*** Opening Study material ***
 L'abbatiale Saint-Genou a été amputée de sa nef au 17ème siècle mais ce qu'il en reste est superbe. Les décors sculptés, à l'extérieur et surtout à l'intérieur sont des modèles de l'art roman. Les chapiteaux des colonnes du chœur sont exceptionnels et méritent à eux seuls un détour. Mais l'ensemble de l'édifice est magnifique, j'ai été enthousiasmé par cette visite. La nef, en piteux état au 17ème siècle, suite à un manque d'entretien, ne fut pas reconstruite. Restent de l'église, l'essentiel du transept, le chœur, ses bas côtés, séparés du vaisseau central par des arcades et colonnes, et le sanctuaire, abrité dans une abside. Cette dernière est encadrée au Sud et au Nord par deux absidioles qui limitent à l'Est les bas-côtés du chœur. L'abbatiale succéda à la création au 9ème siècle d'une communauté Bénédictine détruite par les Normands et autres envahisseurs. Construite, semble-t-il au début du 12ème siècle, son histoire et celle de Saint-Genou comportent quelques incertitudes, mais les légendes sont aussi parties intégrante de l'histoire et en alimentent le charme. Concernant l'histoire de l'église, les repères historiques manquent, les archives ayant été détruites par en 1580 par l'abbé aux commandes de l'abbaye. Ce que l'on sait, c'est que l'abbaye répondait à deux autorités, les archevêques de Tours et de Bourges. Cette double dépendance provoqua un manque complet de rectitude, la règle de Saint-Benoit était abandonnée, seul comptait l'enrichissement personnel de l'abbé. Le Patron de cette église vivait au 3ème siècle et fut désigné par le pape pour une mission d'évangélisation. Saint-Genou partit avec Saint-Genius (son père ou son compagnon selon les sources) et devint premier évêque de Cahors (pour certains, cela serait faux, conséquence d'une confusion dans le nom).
*** Closing Study material ***
*** Opening Study material ***
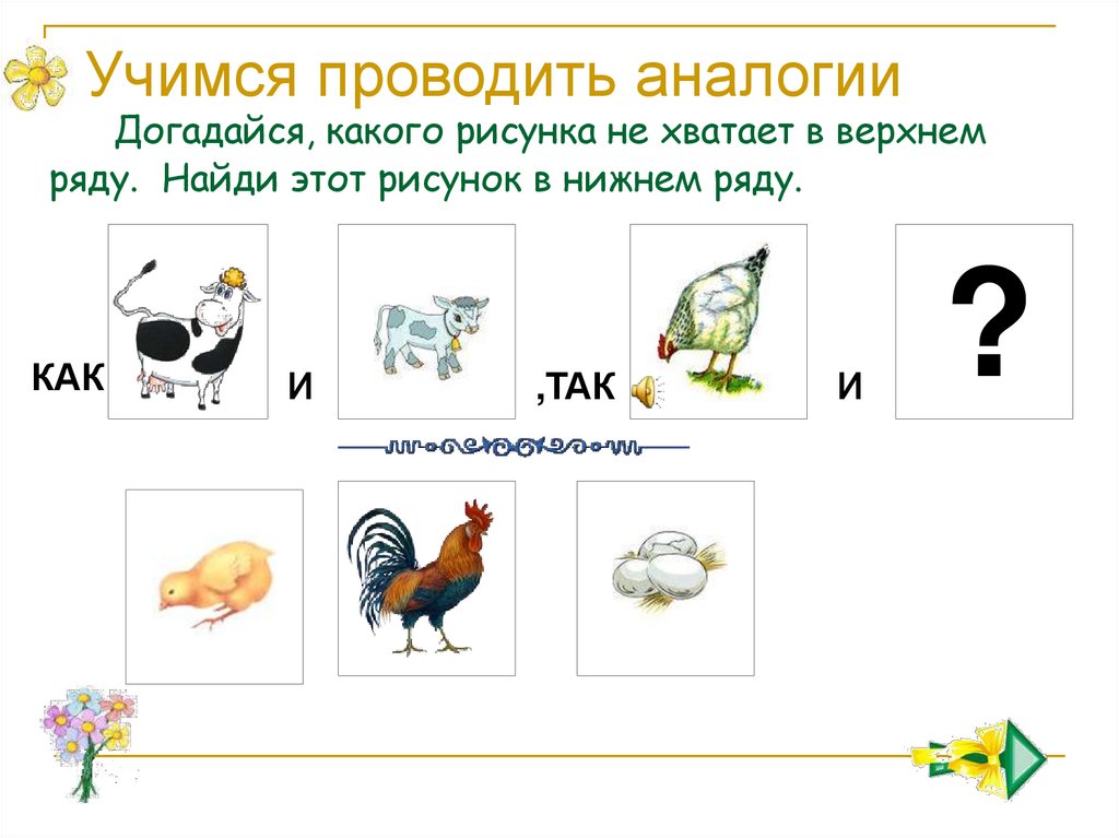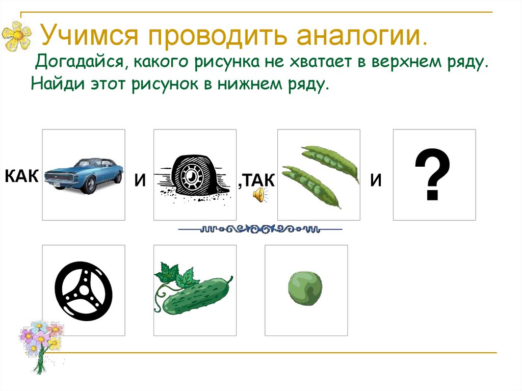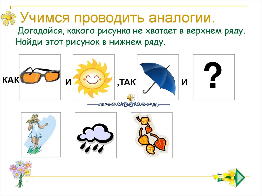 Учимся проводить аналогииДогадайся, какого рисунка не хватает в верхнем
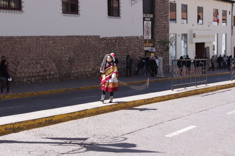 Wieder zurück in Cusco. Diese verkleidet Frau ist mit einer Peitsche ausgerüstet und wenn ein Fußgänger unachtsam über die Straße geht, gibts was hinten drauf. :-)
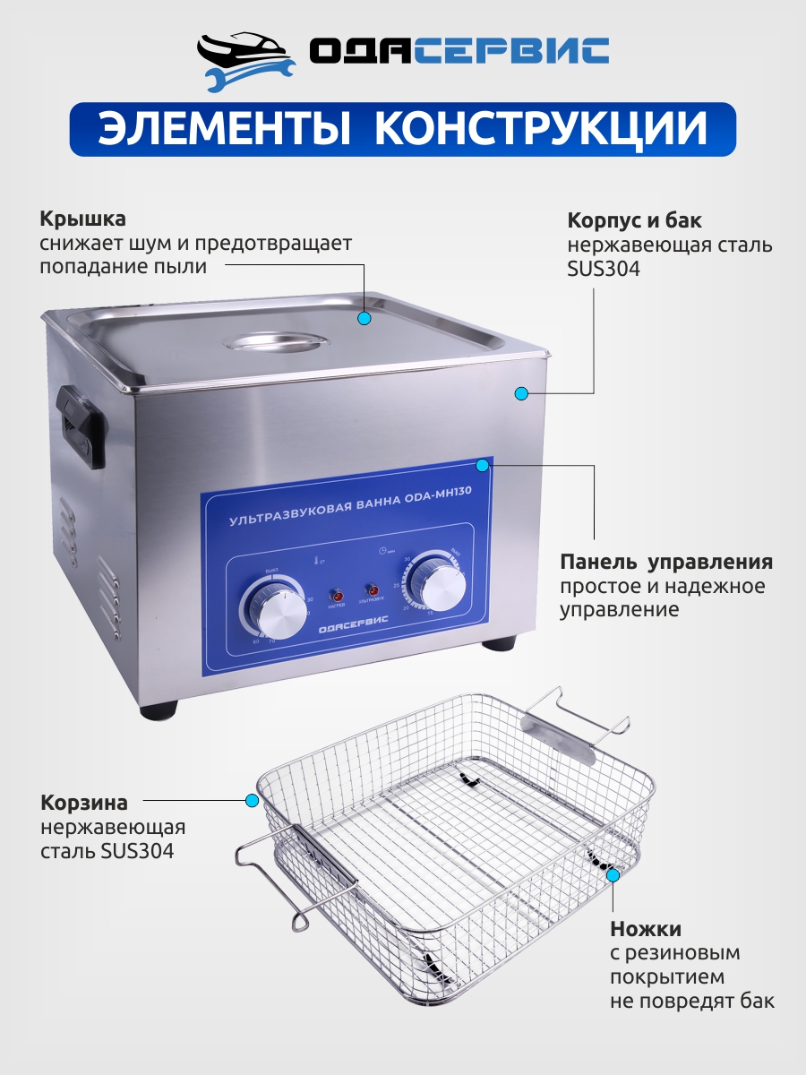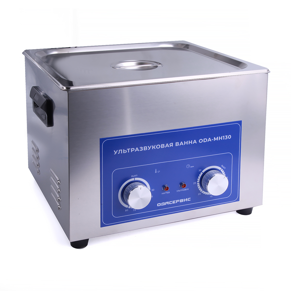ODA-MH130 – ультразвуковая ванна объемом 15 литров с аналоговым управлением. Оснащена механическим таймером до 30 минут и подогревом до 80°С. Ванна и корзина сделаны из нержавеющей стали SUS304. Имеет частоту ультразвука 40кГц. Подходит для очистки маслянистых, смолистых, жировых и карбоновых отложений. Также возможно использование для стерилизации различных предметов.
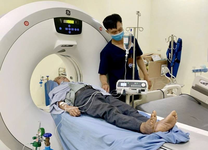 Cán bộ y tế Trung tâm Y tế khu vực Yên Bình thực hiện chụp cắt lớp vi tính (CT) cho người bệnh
*** Closing Study material ***
Please copy the lines above exactly, starting at the line that holds "Wieder zurück in" and ending at the line that holds "Cán bộ y tế"; include both, but no pictures.

> Answer for this exercise
 Wieder zurück in Cusco. Diese verkleidet Frau ist mit einer Peitsche ausgerüstet und wenn ein Fußgänger unachtsam über die Straße geht, gibts was hinten drauf. :-)
ODA-MH130 – ультразвуковая ванна объемом 15 литров с аналоговым управлением. Оснащена механическим таймером до 30 минут и подогревом до 80°С. Ванна и корзина сделаны из нержавеющей стали SUS304. Имеет частоту ультразвука 40кГц. Подходит для очистки маслянистых, смолистых, жировых и карбоновых отложений. Также возможно использование для стерилизации различных предметов.
 Cán bộ y tế Trung tâm Y tế khu vực Yên Bình thực hiện chụp cắt lớp vi tính (CT) cho người bệnh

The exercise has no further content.